Along a hillslope, therefore, there are many patches without vegetation cover and with fragments of rocks, stones and litter, or just bare soil, which have different functions in the surface redistribution of water through their distinct hydrodynamic behaviour. The effects of surface components on overland flow and infiltration have been addressed in several studies (Poesen, 1986, Poesen et al., 1990, Lavee and Poesen, 1991, Brakensiek and Rawls, 1994, Bunte and Poesen, 1994, Valentin, 1994, Moustakas et al., 1995, Katra et al., 2007). Some relationships were observed between rock fragment size, infiltration rates and overland flow yield. Valentin, 1994, Martínez-Murillo and Ruiz-Sinoga, 2007 also showed that the rate and yield of overland flow generation were higher in the presence of ‘partially embedded’ rock fragments than ‘on top’ rock fragments. This was attributed to the continuity of overland flow in the vicinity of ‘partially embedded’ rock fragments on the ground surface, thus delaying infiltration into the underlying soil (Poesen and Lavee, 1994, Katra et al., 2007). These hydrological processes affect soil water content after rainfall depending on soil physico-chemical properties and soil retention capacity, and determine how long the water remains in the soil.

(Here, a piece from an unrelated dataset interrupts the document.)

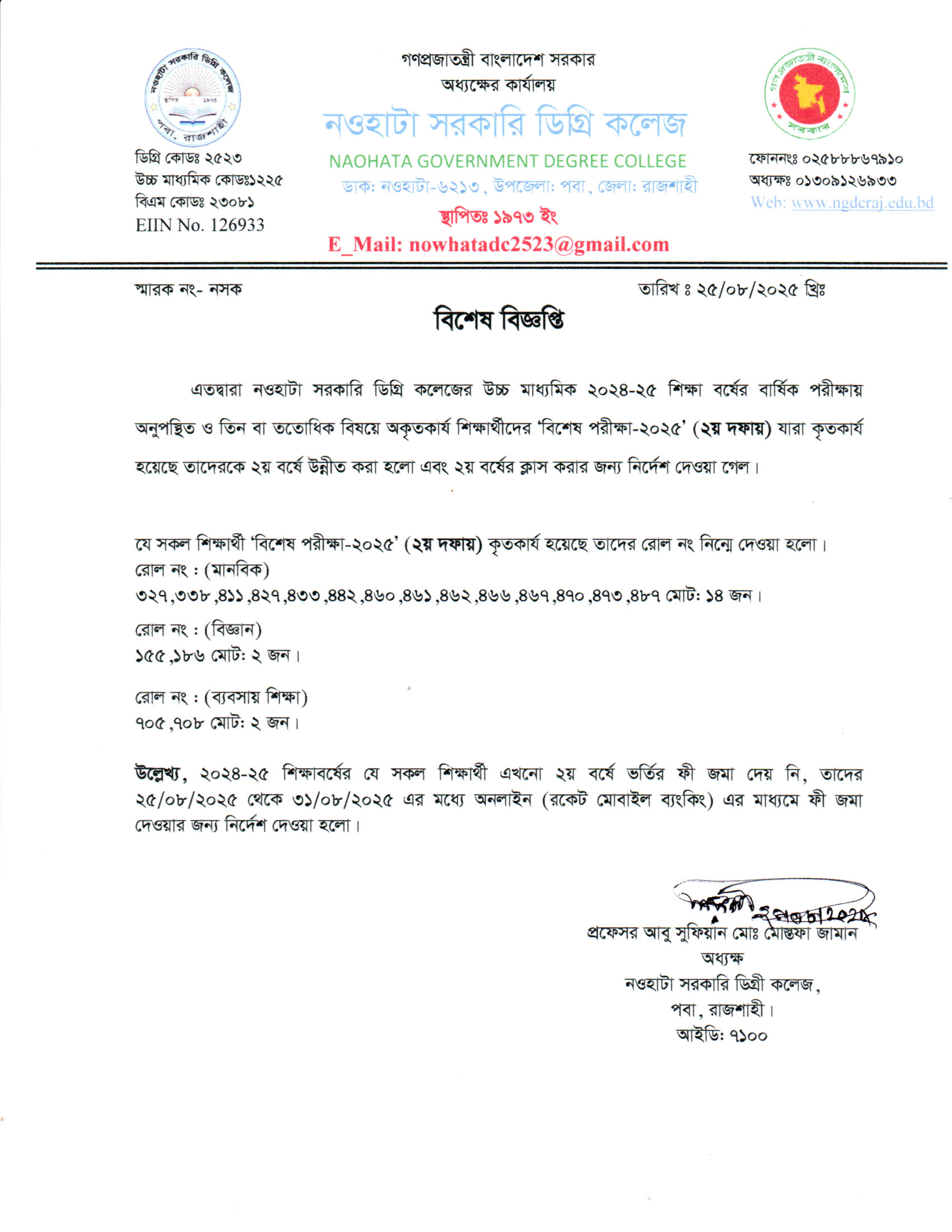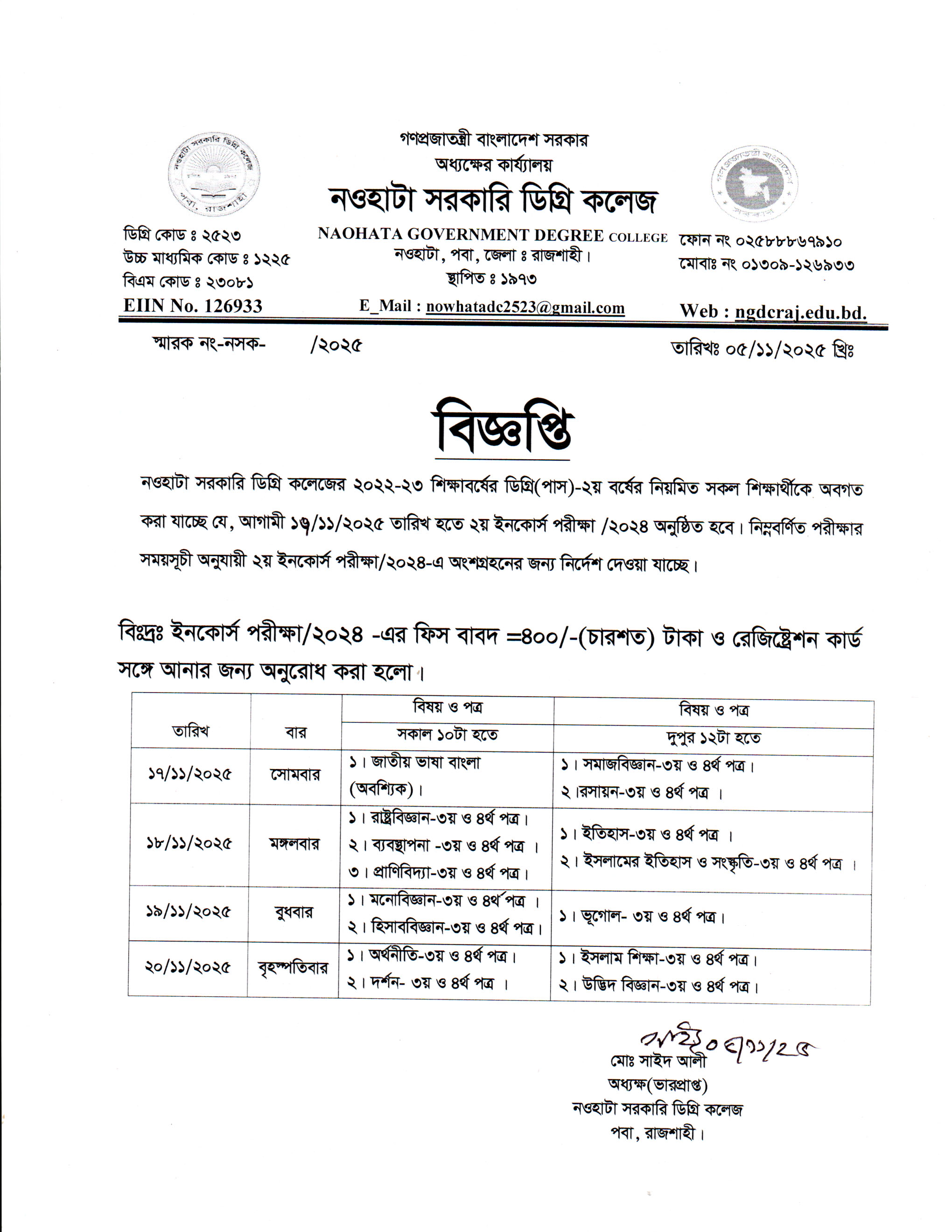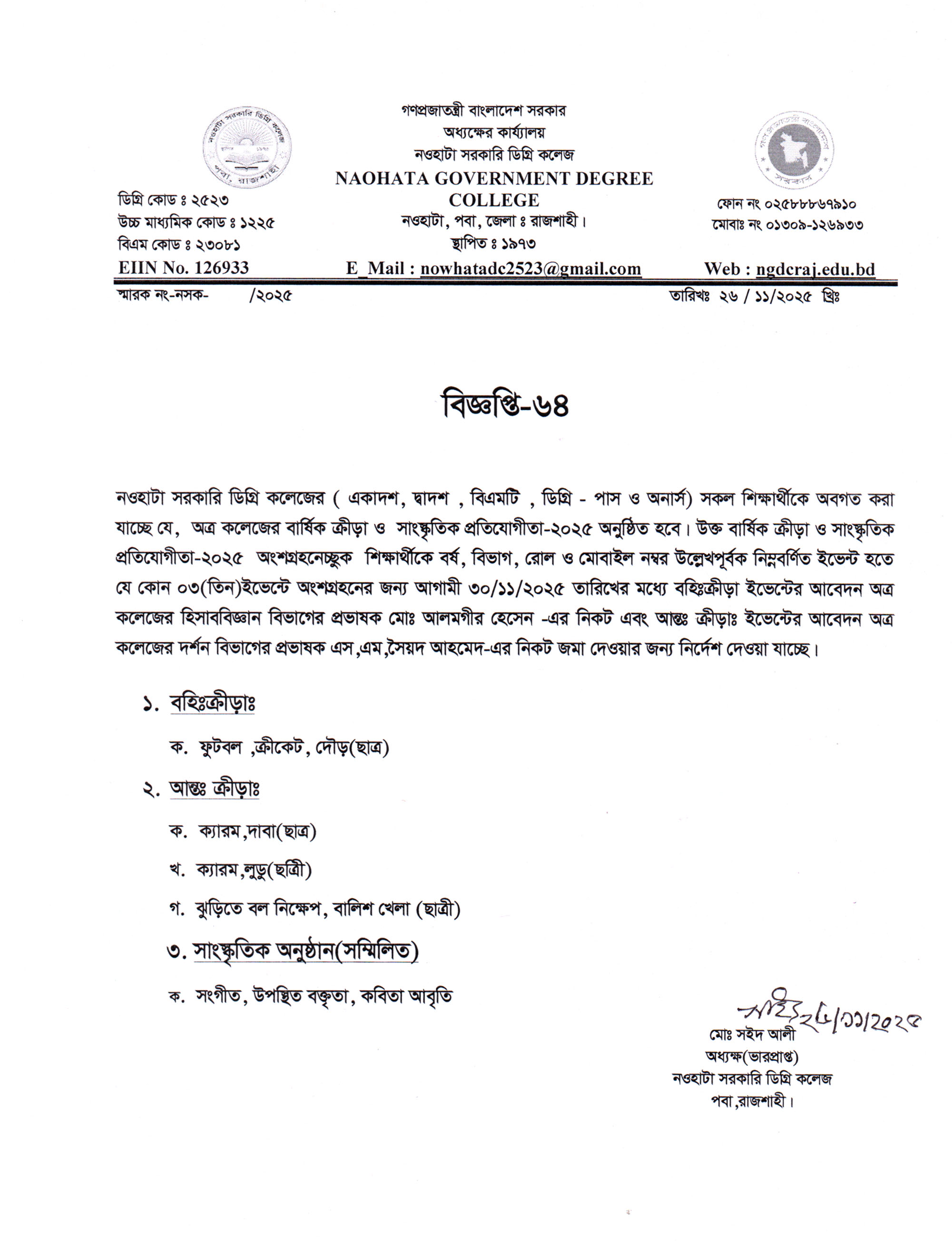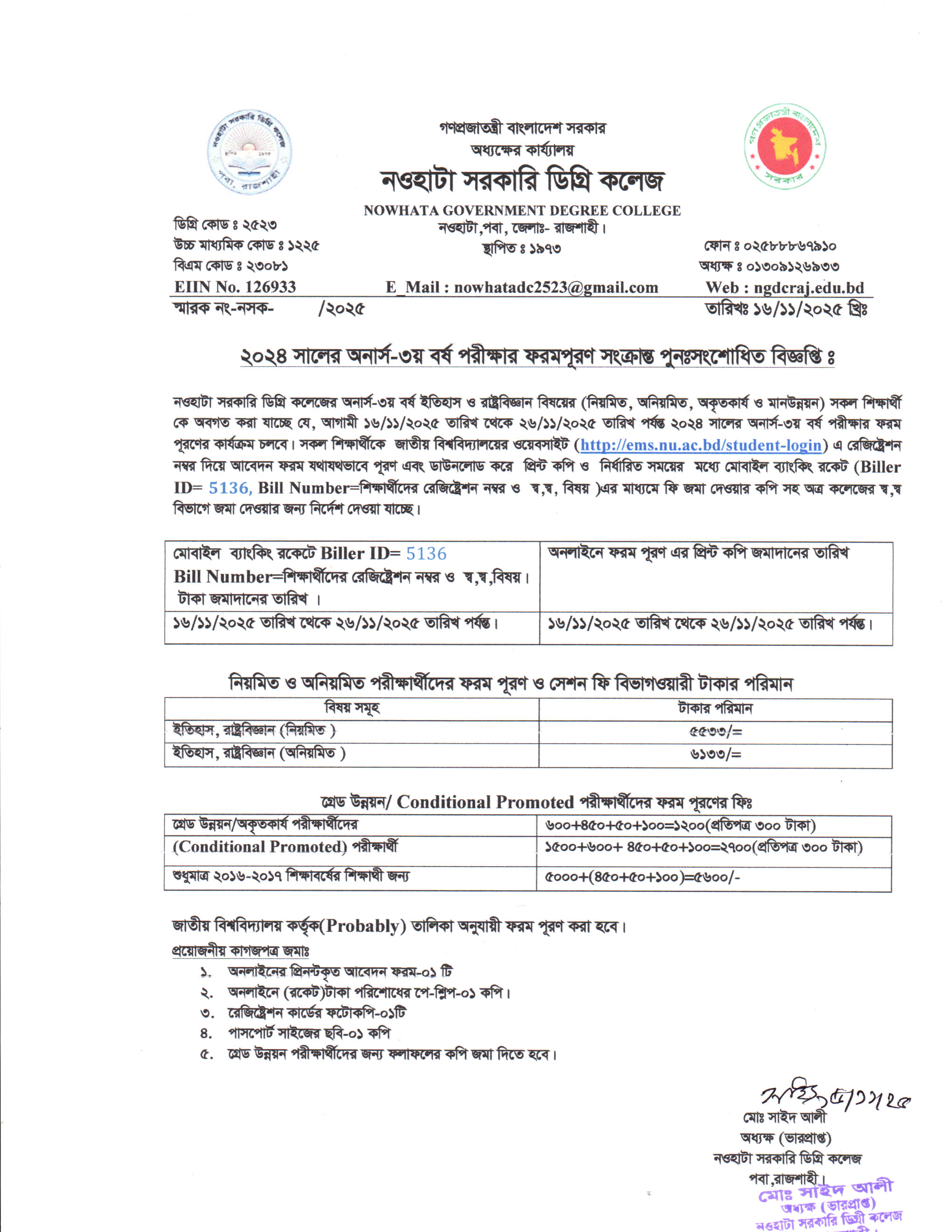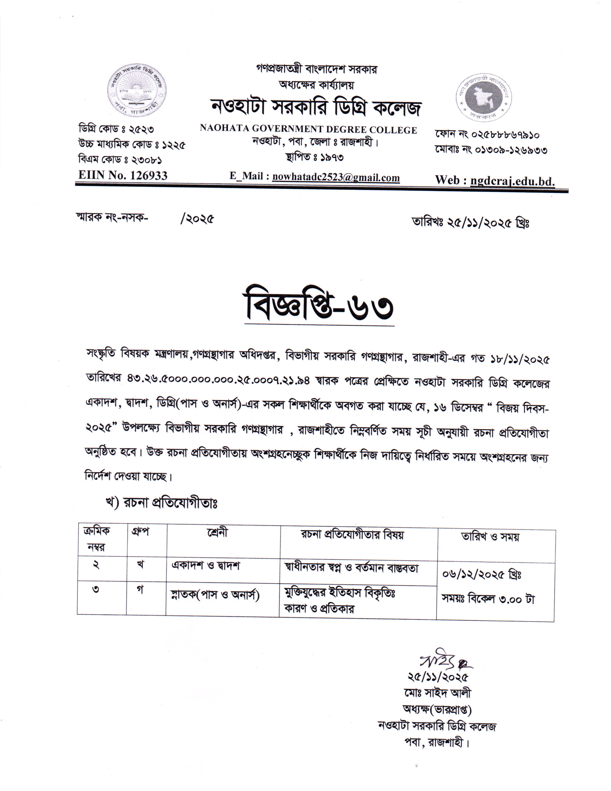 নওহাটা সরকারি ডিগ্রি কলেজের সকল শিক্ষার্থীর অবগতির জন্য |

Several studies on the hydrological behaviour of surface components were conducted in limestone or granite areas (Poesen, 1986, Poesen et al., 1990, Lavee and Poesen, 1991, Poesen and Ingelmo-Sanchez, 1992, Ingelmo et al., 1994, Valentin, 1994, Moustakas et al., 1995, Bergkamp, 1998, Calvo et al., 2003, Buttafuoco et al., 2005, Katra et al., 2007). These researches found that shrubs affect soil properties through soil–vegetation interaction that resulted in higher infiltration rates and greater soil water retention capacity than in inter-shrub areas, and consequently higher soil moisture content after rain and overland flow events (Sarah, 2002, Katra et al., 2007). Other studies showed how the soil under rock fragments is subjected to microclimatic conditions of relatively moderate soil temperatures compared to soil without vegetation, which enhances biophysical feedback (biotic activity–soil aggregation) and, in turn, pedo-hydrological properties (Danalatos et al., 1995, Li and Sarah, 2003). This improvement, together with specific hydrological processes such as stone flow, may enable relatively high soil moisture content to accumulate under rock fragments at the end of a rainfall event and during the subsequent days (Katra et al., 2007).

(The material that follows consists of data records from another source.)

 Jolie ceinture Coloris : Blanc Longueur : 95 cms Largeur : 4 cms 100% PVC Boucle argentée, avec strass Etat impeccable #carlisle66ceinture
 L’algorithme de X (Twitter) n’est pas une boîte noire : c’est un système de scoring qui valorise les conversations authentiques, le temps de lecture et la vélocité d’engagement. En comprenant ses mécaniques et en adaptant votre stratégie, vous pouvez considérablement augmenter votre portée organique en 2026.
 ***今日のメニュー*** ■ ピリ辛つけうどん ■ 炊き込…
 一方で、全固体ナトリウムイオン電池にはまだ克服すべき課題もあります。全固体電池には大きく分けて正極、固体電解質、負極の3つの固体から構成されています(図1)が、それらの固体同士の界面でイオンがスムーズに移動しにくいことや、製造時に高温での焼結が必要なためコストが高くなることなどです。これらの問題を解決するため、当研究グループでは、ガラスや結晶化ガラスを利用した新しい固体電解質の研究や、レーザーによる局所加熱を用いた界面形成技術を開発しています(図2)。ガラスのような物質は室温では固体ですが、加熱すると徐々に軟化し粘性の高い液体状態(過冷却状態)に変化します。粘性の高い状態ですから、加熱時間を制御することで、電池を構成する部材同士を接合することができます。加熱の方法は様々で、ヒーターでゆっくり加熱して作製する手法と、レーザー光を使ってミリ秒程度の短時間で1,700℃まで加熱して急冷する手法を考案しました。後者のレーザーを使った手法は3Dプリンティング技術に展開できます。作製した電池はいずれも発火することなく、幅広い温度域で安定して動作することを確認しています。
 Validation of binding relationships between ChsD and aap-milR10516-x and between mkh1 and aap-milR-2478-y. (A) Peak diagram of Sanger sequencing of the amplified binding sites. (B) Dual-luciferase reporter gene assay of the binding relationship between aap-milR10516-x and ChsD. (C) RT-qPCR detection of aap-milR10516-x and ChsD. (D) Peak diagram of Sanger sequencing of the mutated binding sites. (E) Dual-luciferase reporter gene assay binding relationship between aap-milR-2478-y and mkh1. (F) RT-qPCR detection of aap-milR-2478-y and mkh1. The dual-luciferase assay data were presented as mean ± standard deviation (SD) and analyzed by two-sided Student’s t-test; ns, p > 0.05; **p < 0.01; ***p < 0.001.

This study presents the results obtained on a monitored hillslope in dry Mediterranean climatic conditions in Southern Spain, and the objectives being: i) to evaluate the state of degradation by analyzing the soil surface components of the hillslope, ii) to determine the surface hydrological processes and their consequences from the point of view of erosion and iii) to establish the factors which regulate such processes. By means of this evaluation, information about the hydro-geomorphological dynamics on hillslopes with metamorphical and impermeable geological substratum, lithologies which are not very frequent in the scientific literature relating to the hydrological and erosive processes in Mediterranean environments has been offered.